Каждый, кто хотя бы раз был в моем положении, понимает, какие мысли при этом крутятся в голове: ты злишься от неуверенности в себе; тебе больно оттого, что ты, наверное, сделала что-то не так, или к тебе вдруг потеряли интерес, или что… твои намерения относительно скорейшей смены семейного положения слишком уж очевидны.
Когда я наконец встретилась с ним и прямо спросила, в чем была причина такого поведения, он раскрыл мне страшную тайну: его отец был алкоголиком, травма детства никуда не делась, и хотя я нравилась ему больше, чем можно выразить словами, я должна была понять, что он из тех парней, которым нужно дважды подумать, прежде чем на что-то решиться, хотя в душе он никак не сомневался, что мы сможем еще быть очень дружной парой и после этого разговора, конечно же, лучше поймем друг друга, чем до того, как этот разговор состоялся.

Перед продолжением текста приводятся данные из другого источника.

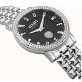Бесподобные женственные часы окутаю вас ювелирной роскошью, доведя образ до совершенства. Стильные часы Vittoria с круглым стальным корпусом дополненным планками V-образной формы. Безель инкрустирован кристаллами Сваровски. Циферблат украшен 3d лого в форме головы льва. Часовые метки в виде арабских цифр и штрихов. Кожаный ремешок с классической застежкой.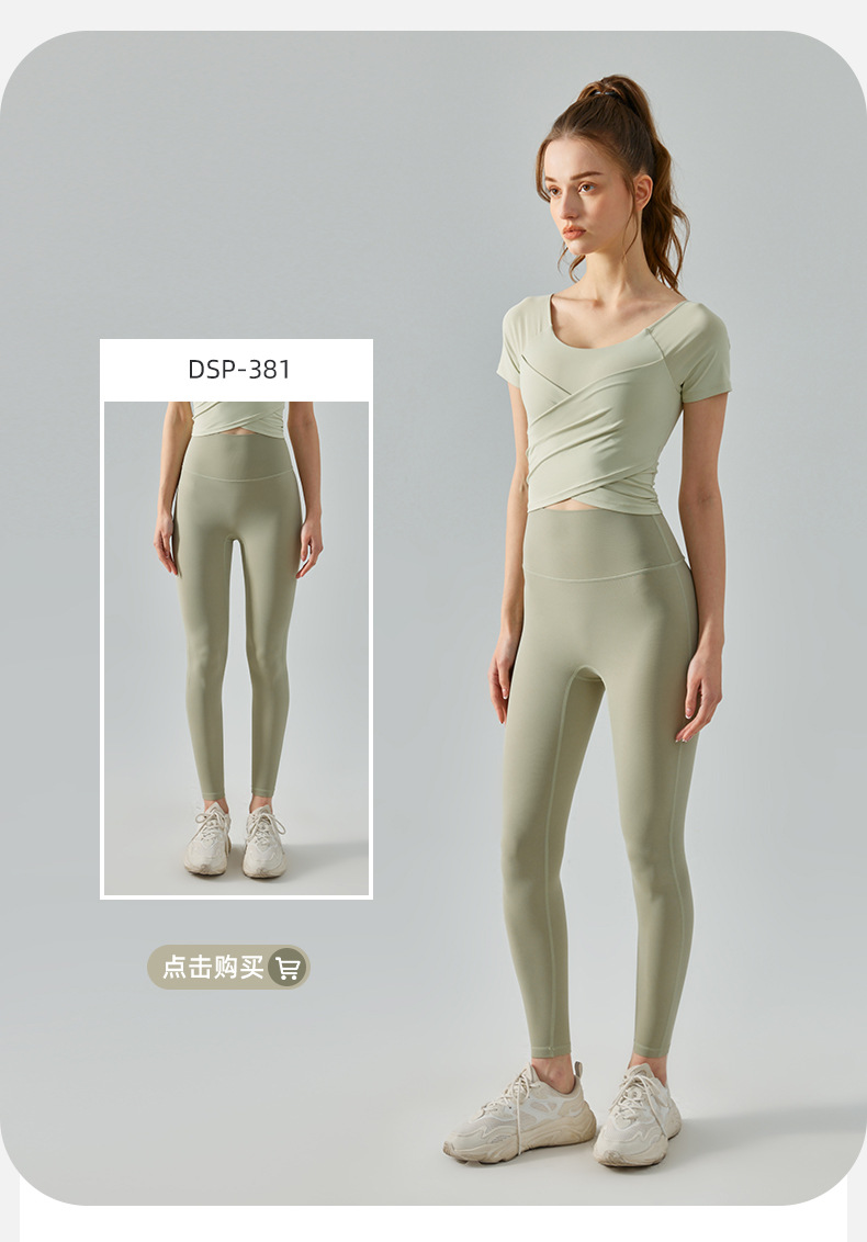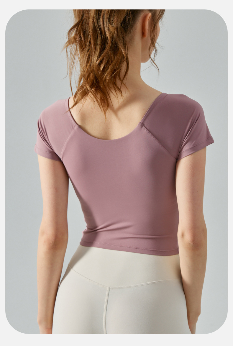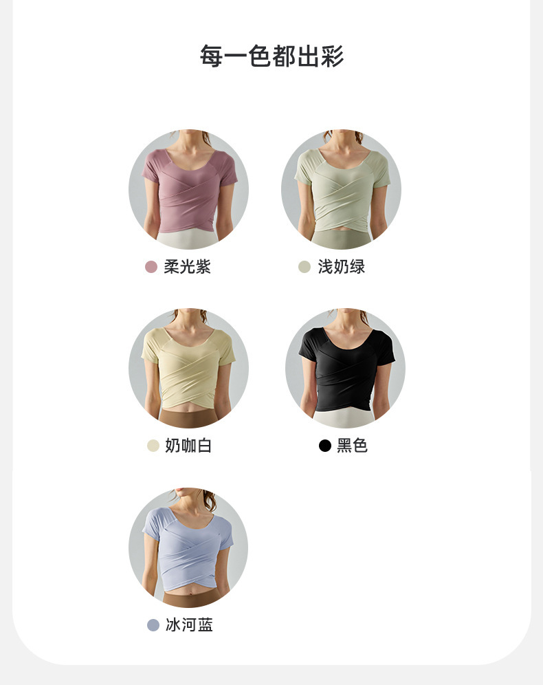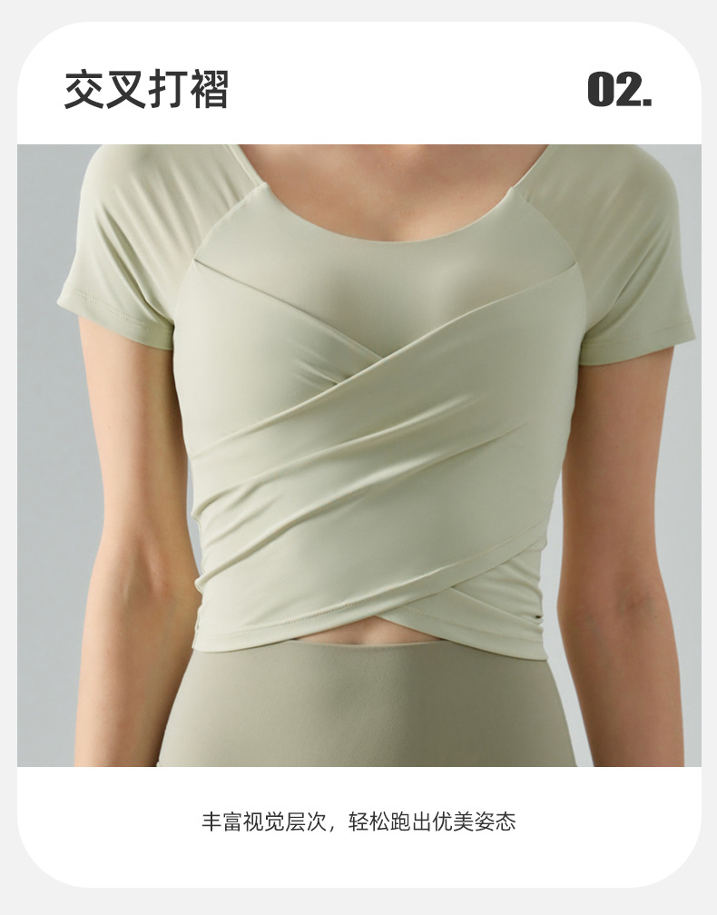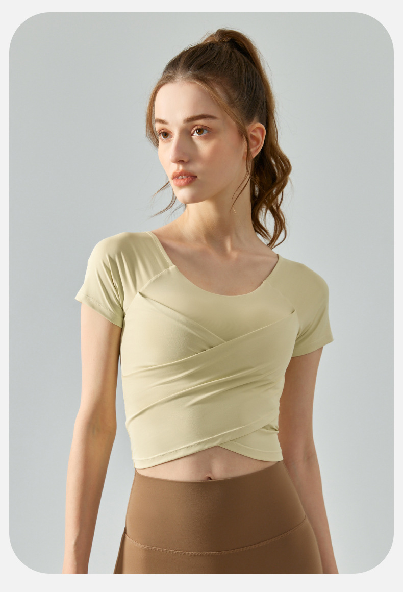 가슴 패드가 있는 여성용 크로스 플리츠 요가 반팔 탑 올인원 스포츠 티셔츠 슬림 러닝 피트니스웨어 탑스토어 가기

Я попросила его никогда больше мне не звонить.
Не скажу, что взвешивала каждое слово. Я не думала: «Если он относится к тебе так в самом начале отношений, то лучше уже не будет». Я не пыталась себя убеждать: «Не может человек, которому ты нравишься настолько, насколько он сам говорит, не прийти на свидание три раза подряд!» Все это, возможно, и правда, но ни одно из этих слов мне на ум не пришло.
Я чувствовала лишь отвращение. Пользуясь его логикой, выходило, что сделать больно мне сейчас (конечно же, мне было больно) можно уже потому, что двадцать с лишним лет назад кто-то сделал больно ему. Но, как по мне, то было равносильно признанию очень плохого человека: «Мол, да, я такой, и что с меня возьмешь?» Возможно, он даже считал себя честным человеком, а честность, как известно, не порок. Лично я таковым его не считала: я считала его тем, кто искренне полагал, будто сбросить свою боль на кого-то легче, чем с нею жить, вот и всё.